We used a modified version of the incremental effort test from the previous study by Luque-Casado et al. (27). The incremental effort test started with a 3-min warm-up at 30 W, with the power output increasing 10 W every minute. The test began at 60 W and was followed by an incremental protocol with the power load increasing 30 W every 3 min. Workload increased progressively during the third minute of each step (5 W every 10 s); therefore, each step of the incremental protocol consisted of 2 min of stabilized load and 1 min of progressive load increase. Each participant set his preferred cadence (60–90 rpm) during the warm-up. They were asked to maintain this cadence throughout the protocol. The ergometer software was programmed to increase the load automatically.

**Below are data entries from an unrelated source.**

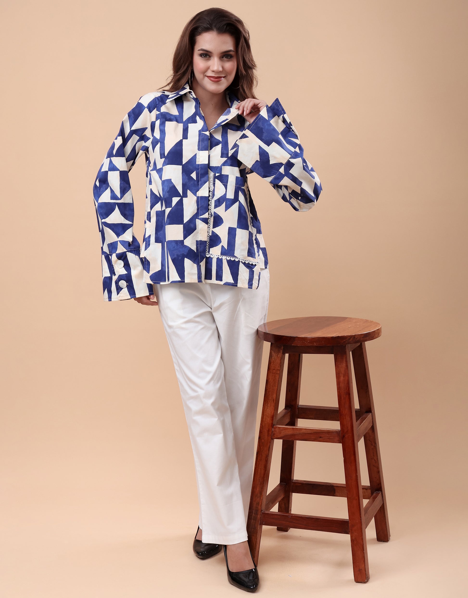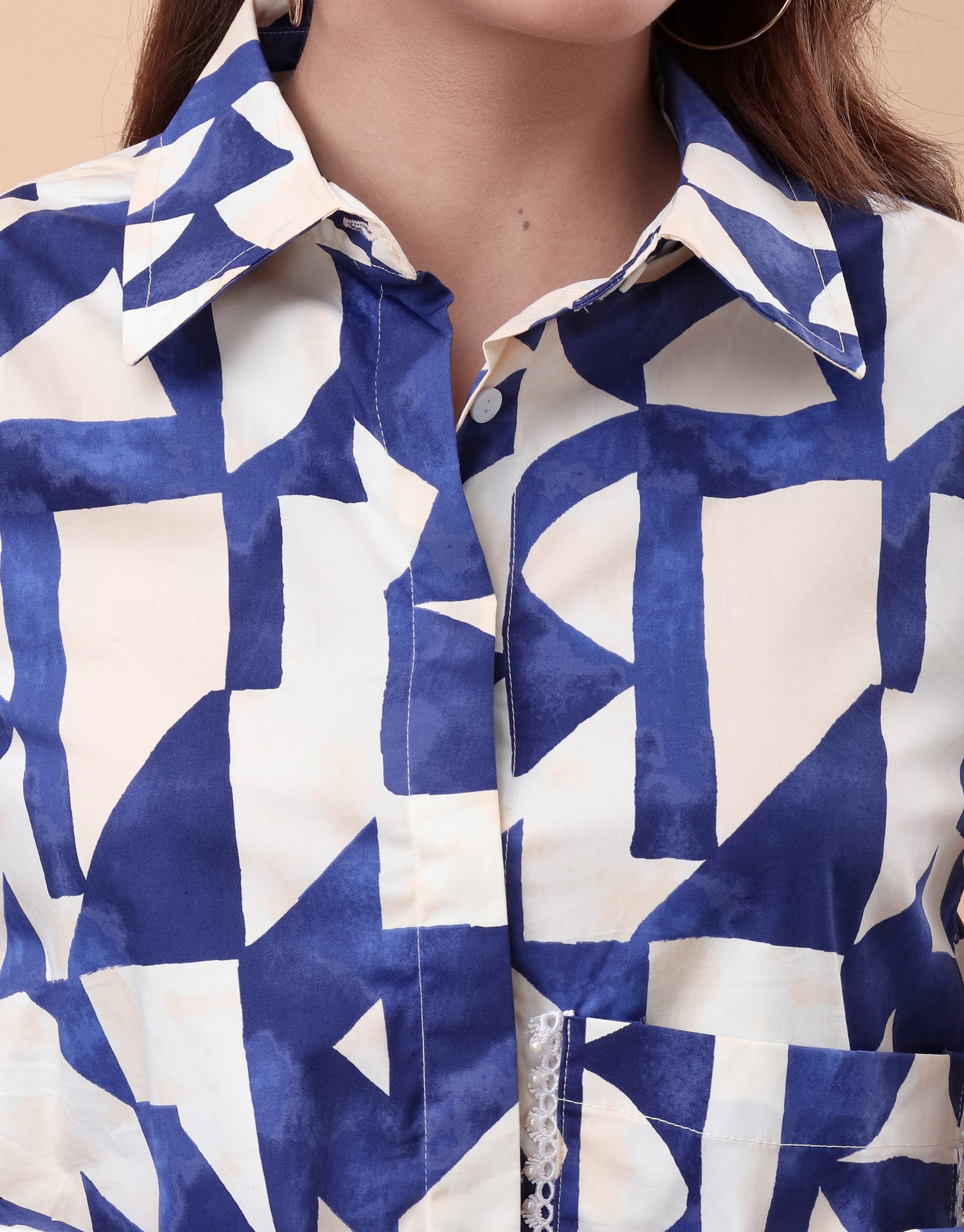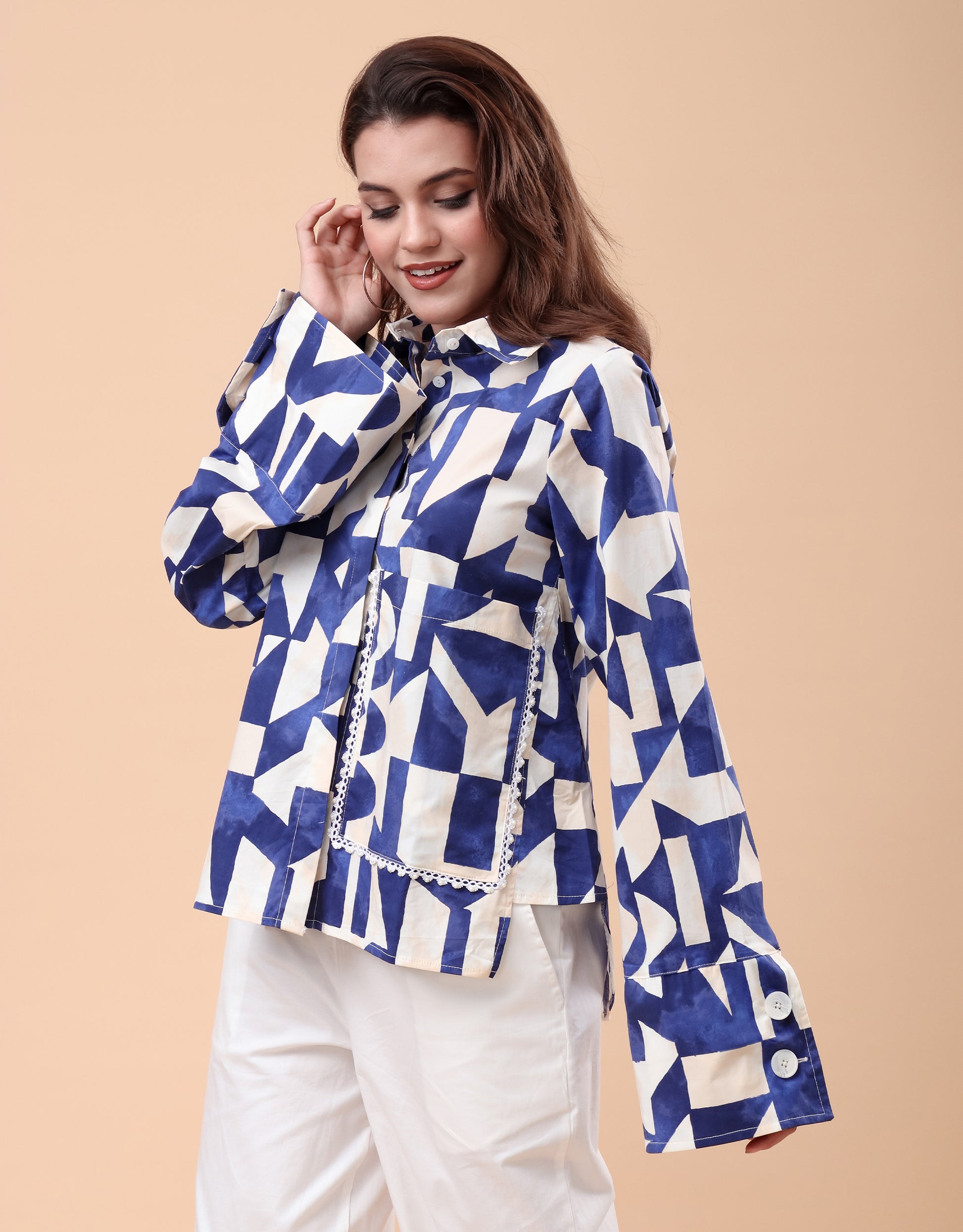 Make a bold artistic statement with our "Geometric Patchwork Print Shirt." This striking button-down blouse features a dynamic, abstract pattern in a deep indigo blue and off-white. The print's geometric shapes and patchwork-like design create a modern, contemporary feel that's sure to turn heads. A delicate white lace trim runs along the front placket, adding a subtle touch of feminine detail that beautifully contrasts with the bold print. With its classic collar and three-quarter length sleeves with a ruffled cuff, this shirt offers a stylish and comfortable fit. Crafted from a high-quality, breathable fabric, it's a versatile piece perfect for both casual and elevated occasions. Pair it with solid-colored trousers to let the print truly shine, or with jeans for a chic and effortless look.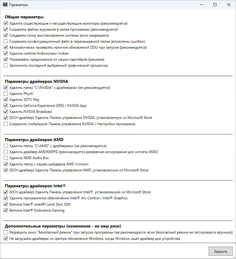 Display Driver Uninstaller — это мощная утилита для полного удаления драйверов видеокарт и аудиоустройств из операционной системы. Программа эффективно удаляет остатки драйверов AMD, NVIDIA, Intel, а также компоненты Realtek и Sound Blaster, включая файлы, папки и записи в реестре Windows. После очистки система возвращается в состояние, аналогичное чистой установке, что особенно полезно при смене видеокарты или возникновении конфликтов драйверов.
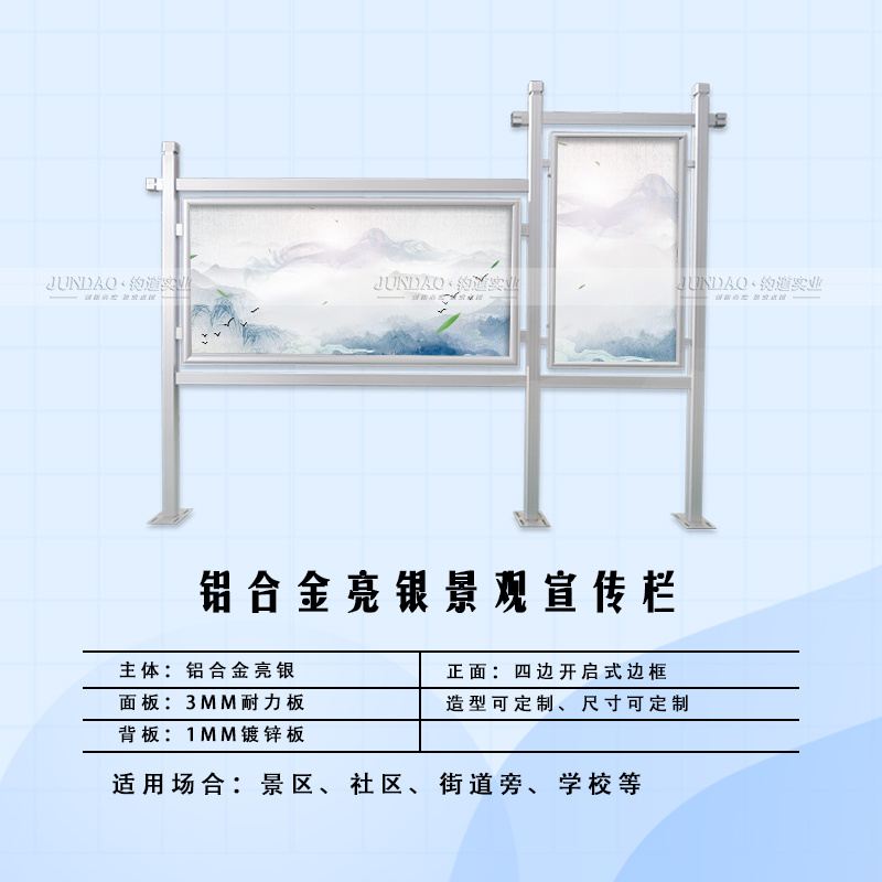 河南钧道实业有限公司主营:铝合金户外带雨棚宣传栏、垃圾分类亭、挂墙报栏、移动展架、广告铝框、可折叠海报架、灯杆道旗、带造型灯杆灯箱、标识牌、花草牌等成品。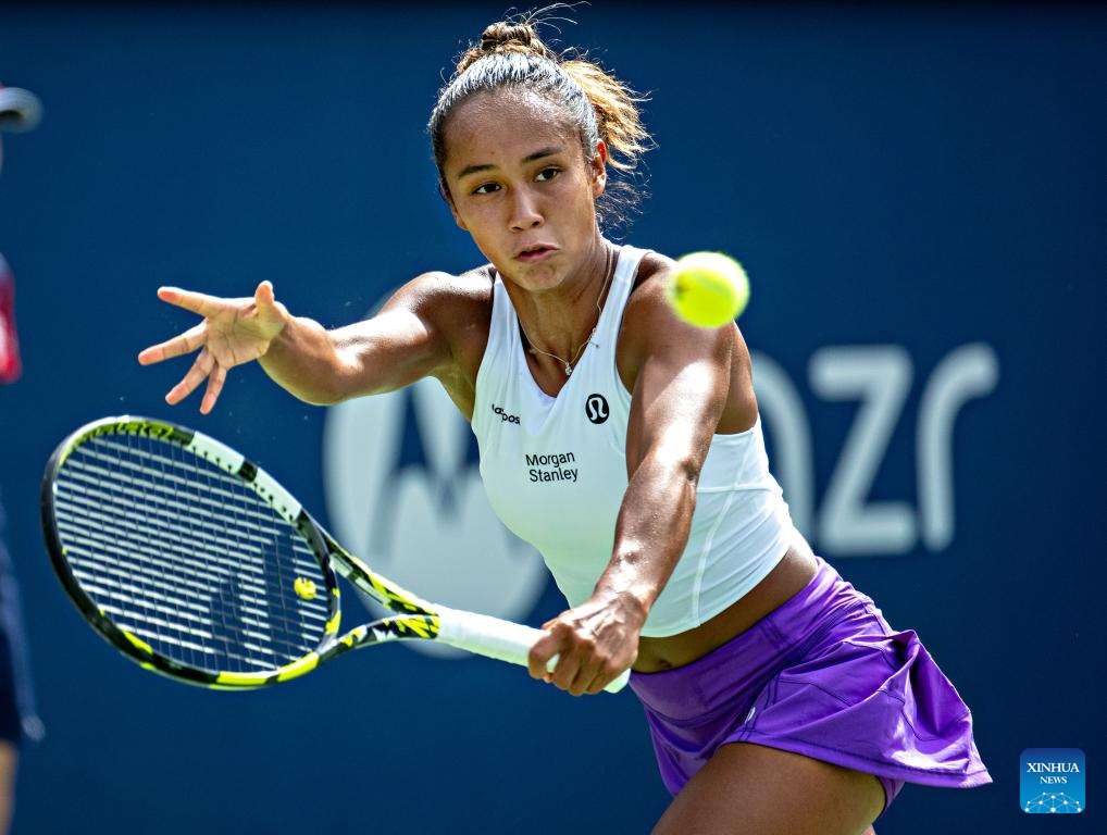 Leylah Fernandez of Canada returns the ball during the women's singles first round match against Peyton Stearns of the United States at the 2023 National Bank Open in Montreal, Canada, Aug. 8, 2023. (Photo by Andrew Soong/Xinhua)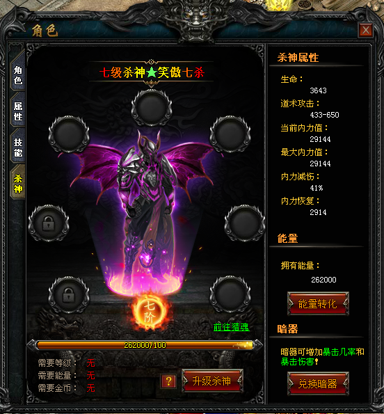 杀神等级达到3级后开放杀神猎魂系统,可通过杀神界面前往猎魂链接打开猎魂界面。
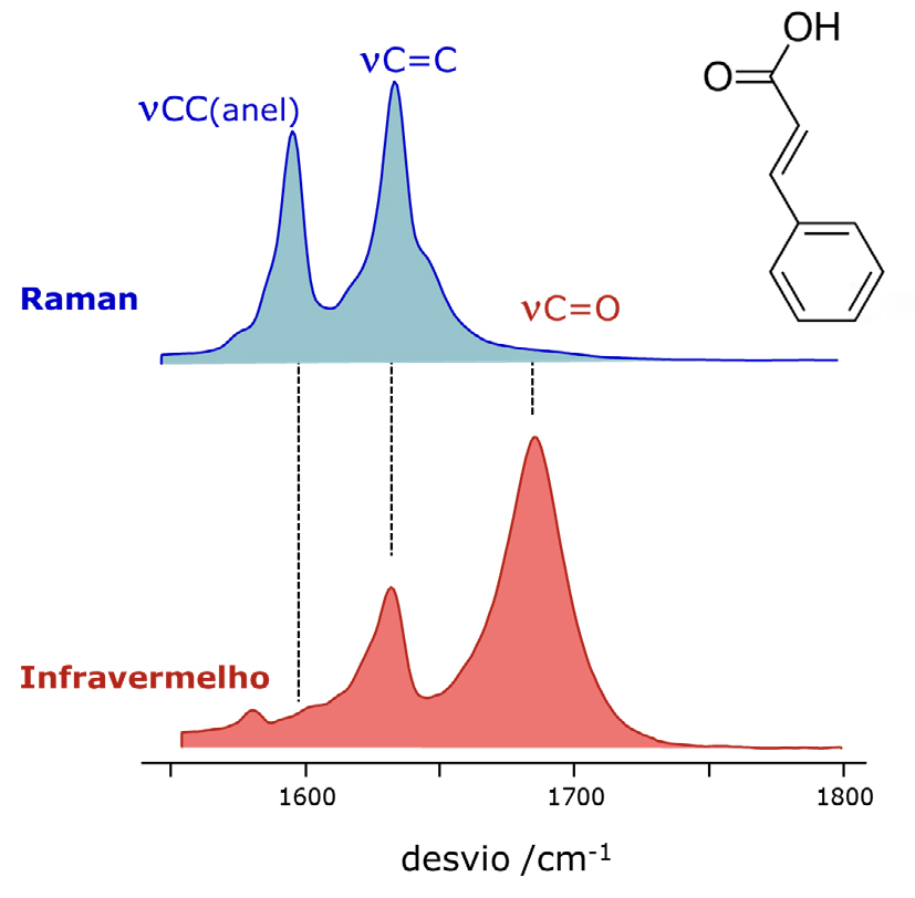 A FIGURA 3 ilustra este comportamento ao comparar os espectros de infravermelho e de Raman do ácido trans-cinâmico, um composto orgânico com ligações C=O e C=C duplas: no espectro de Raman, a banda mais intensa corresponde ao modo \(\nu\)(C=C), enquanto a banda \(\nu\)(C=O), dominante no espectro de infravermelho, é praticamente inexistente.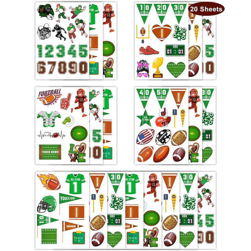 - Green and Brown Football party decorations Package includes 232 pieces of Football themed temporary tattoos, which can be used wherever you want, such as arms, face, and hands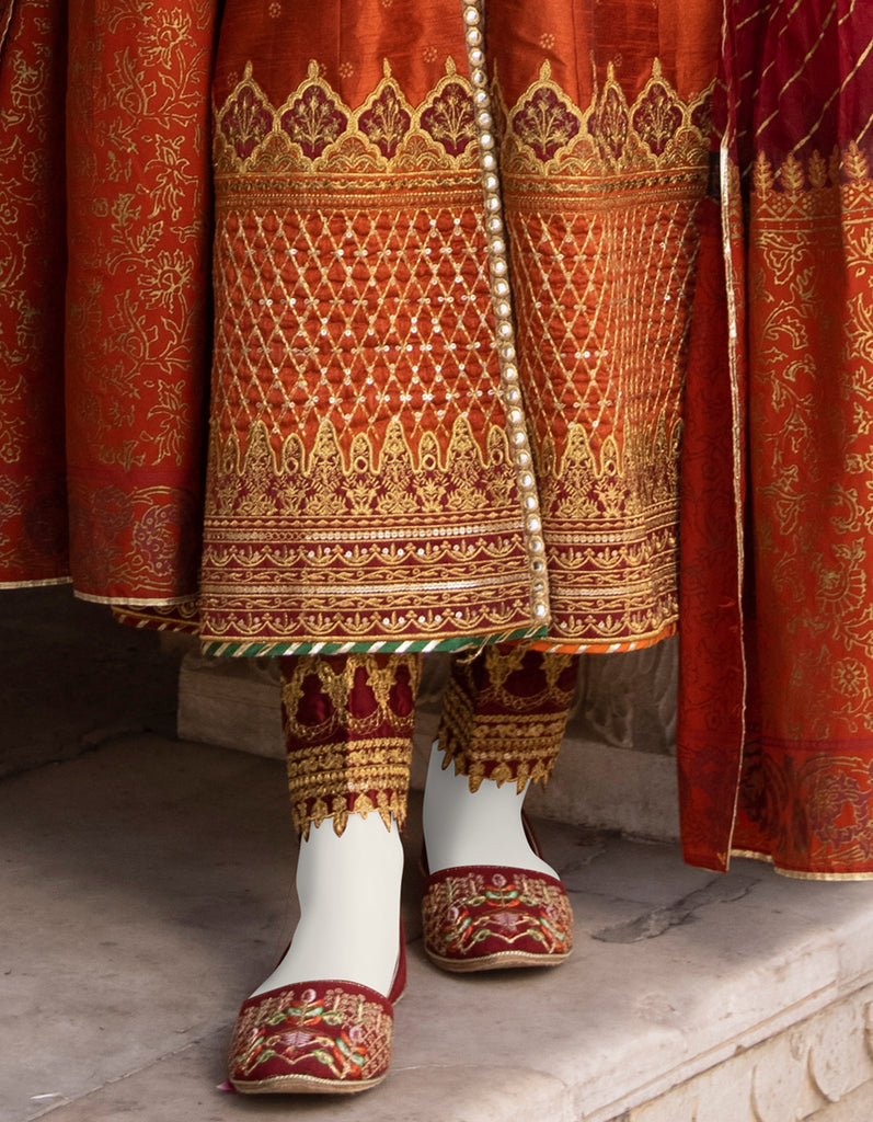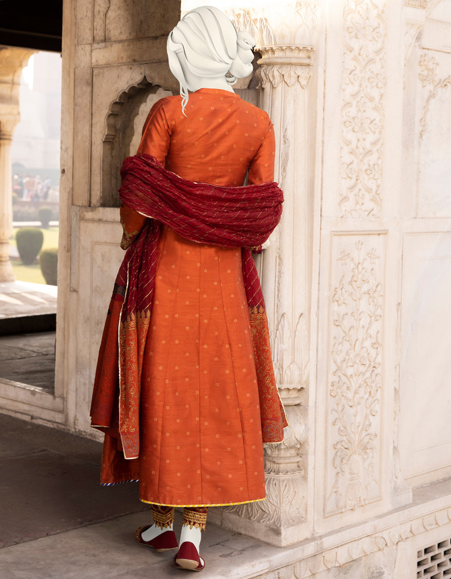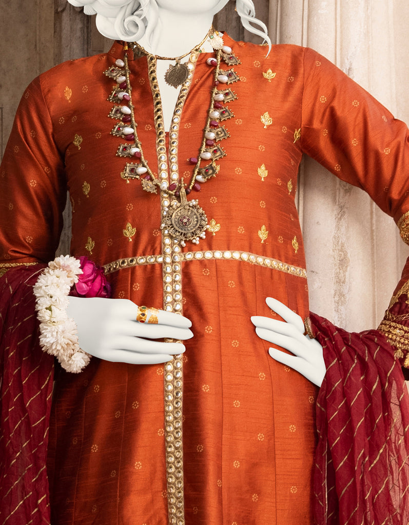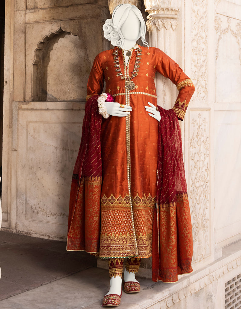 RUST RAW SILK 3PC STITCHED | JJPW-S-JPWF-AU-22-009 FB/FF-386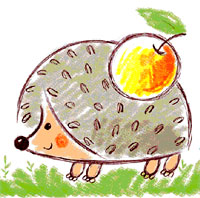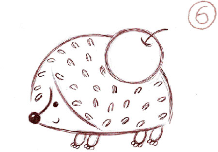 Шаг 6. Нарисуем на спинке то, что несёт наш ёжик (яблоко, гриб, портфель, будильник). Спинку украсим иголками.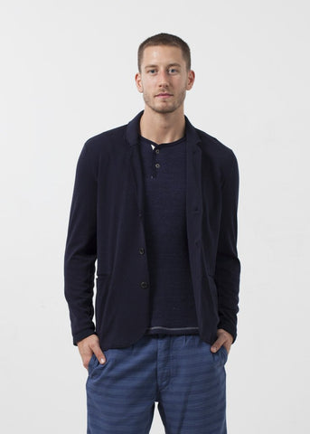 Amiable texture for the pleasure seeking. Plenty of stretch with the coolness of summer. Four button closure at front. Two exterior pockets, one interior. Homecore. Color Navy. 90% Cotton, 10% Elastane. Made in Portugal.  Matt is wearing a Large. Matt is 6’2”, Chest 38”, Waist 31”, Inseam 34.5”.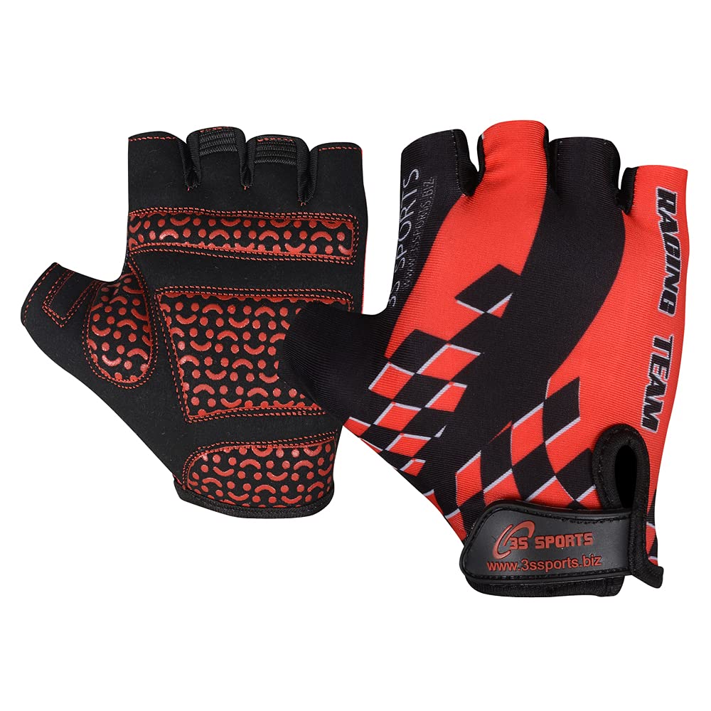 Attractive half finger / fingerless cycling gloves for children of all ages from 3S SPORTS, the gloves have straps on the fingers to allow easy removal for kids. These comfortable, stylish and practical gloves can be worn for all outdoor activities: in particular riding road cycling, bmx, mountain bike, balance bike, scooters for boys, scooters for girls, skateboards, roller skates.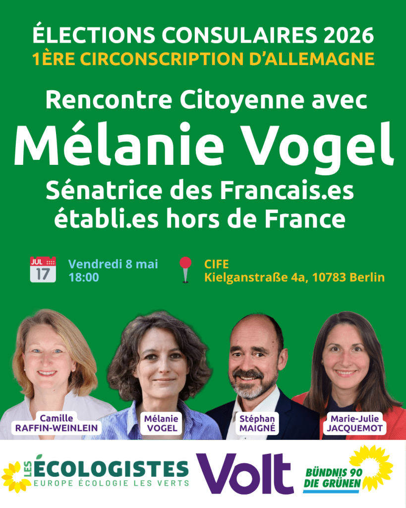 La liste écologiste, sociale et citoyenne est ravie de vous proposer une rencontre avec Mélanie Vogel, sénatrice des Français•es de l’étranger, en présence de vos conseillers sortants Camille Raffin-Weinlein et Stéphan Maigné, et de Marie-Julie Jacquemot, représentante de Volt.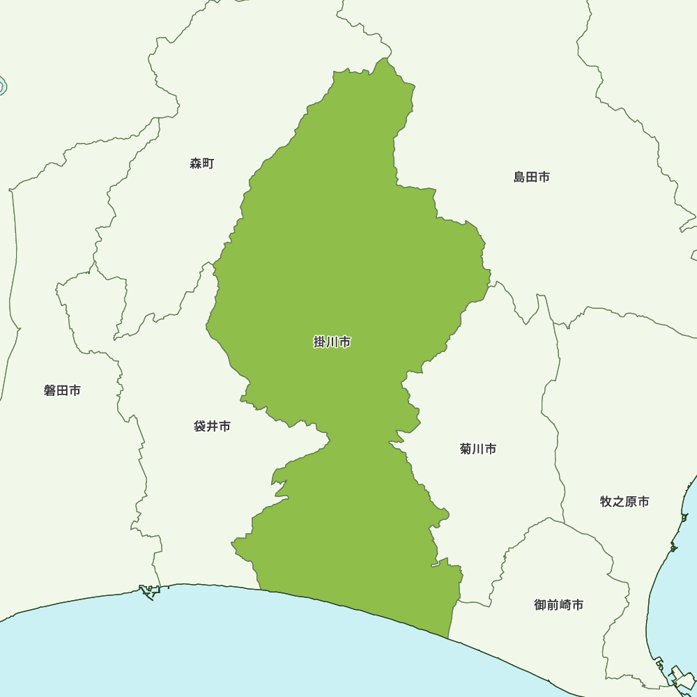 静岡県掛川市の地図を表示します。 マップ・イットは、地図素材や白地図が無料でダウンロードできるサイトです。印刷やWebなどの素材として商用利用できます。対応する地域は日本全域、八地方区分、47都道府県、政令指定都市、特別区、市町村です。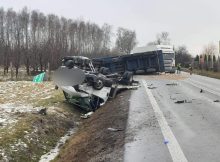 W miejscowości Bikówek na drodze krajowej numer 50 doszło do zderzenia ciężarówki z lawetą. Po zderzeniu ciężarówka wywróciła się na bok, laweta wpadła do rowu na dach. Osoba

Determination of the ventilatory anaerobic threshold (VAT) was based on RER [RER = CO2 production/O2 consumption]. More specifically, VAT was defined as the V˙O2 at the time when RER exceeded the cutoff value of 1.0 (9,40). The researcher knew that the participant had reached his VAT when the RER was equal to 1.00 and did not drop below that level during the 2-min constant load period or during the next load step, never reaching the 1.1 RER. The submaximal incremental test ended once the VAT was reached. The oxygen uptake (V˙O2, mL·min−1·kg−1), RER, relative load (W·kg−1), HR (bpm), and time of the test (s) were continuously recorded during the entire incremental test. The fitness level of the participants was determined from the data set obtained during the incremental physical test (see Table 1).

The PVT.

We used a PC with a 19-inch monitor and E-Prime software (Psychology Software Tools, Pittsburgh, PA) to control the stimulus presentation, response collection, and to generate and send triggers indicating the condition of each trial for offline sorting, reduction, and analysis of electroencephalogram (EEG) and behavioral data. The center of the PC screen was situated approximately 60 cm from the participant’s head and at eye level. The device used to collect responses was a PC keyboard.

The procedure of the PVT was based on the original version (39). This task was designed to measure vigilance by recording participants’ RT to visual stimuli that occur at random interstimulus intervals (3,39). Each trial began with the presentation of a blank screen in a black background for 2000 ms, and subsequently, an empty red circumference (6.68° × 7.82°) appeared in a black background. Later, in a random time interval (between 2000 and 10,000 ms), the circumference was filled all at once in a red color. Participants were instructed to respond as fast as they could once they had detected the presentation of the filled circle. The filled circle was presented for 500 ms, and the participants had a maximum of 1500 ms to respond. They had to respond with their dominant hand by pressing the space bar on the keyboard. An RT visual feedback message was displayed for 300 ms after response, except in case of an anticipated response (“wait for the target”) or if no response was made within 1000 ms after target offset (“you did not answer”). After the feedback message, the next trial began. Response anticipations were considered errors. The task comprised a single block of 60 min of total duration, and the mean number of trials per participant was 402 ± 8.9.

EEG recordings.

Continuous EEG data were recorded using a BioSemi Active Two system (Biosemi, Amsterdam, Netherlands) and were digitized at a sample rate of 1024 Hz with 24-bit A/D conversion. The 64 active scalp Ag/AgCl electrodes were arranged according to the international standard 10–20 system for electrode placement using a nylon head cap. The common mode sense and driven right leg electrodes served as the ground, and all scalp electrodes were referenced to the common mode sense during recording. The cap was adapted to the individual’s head size, and each electrode was filled with Signa Electro-Gel (Parker Laboratories, Fairfield, NJ) to optimize signal transduction. Participants were instructed to avoid eye movements, blinking and body movements as much as possible, and to keep their gaze on the center of the screen during task performance.

Data reduction.

The behavioral data analyses were performed on the overall participants’ mean RT. Trials with RT below 100 ms (0.03%), anticipations (i.e., responses prior to the target presentation; 1.49%), and omissions (if no response was made within 1000 ms after target offset; 0.24%) were discarded from the analysis (3).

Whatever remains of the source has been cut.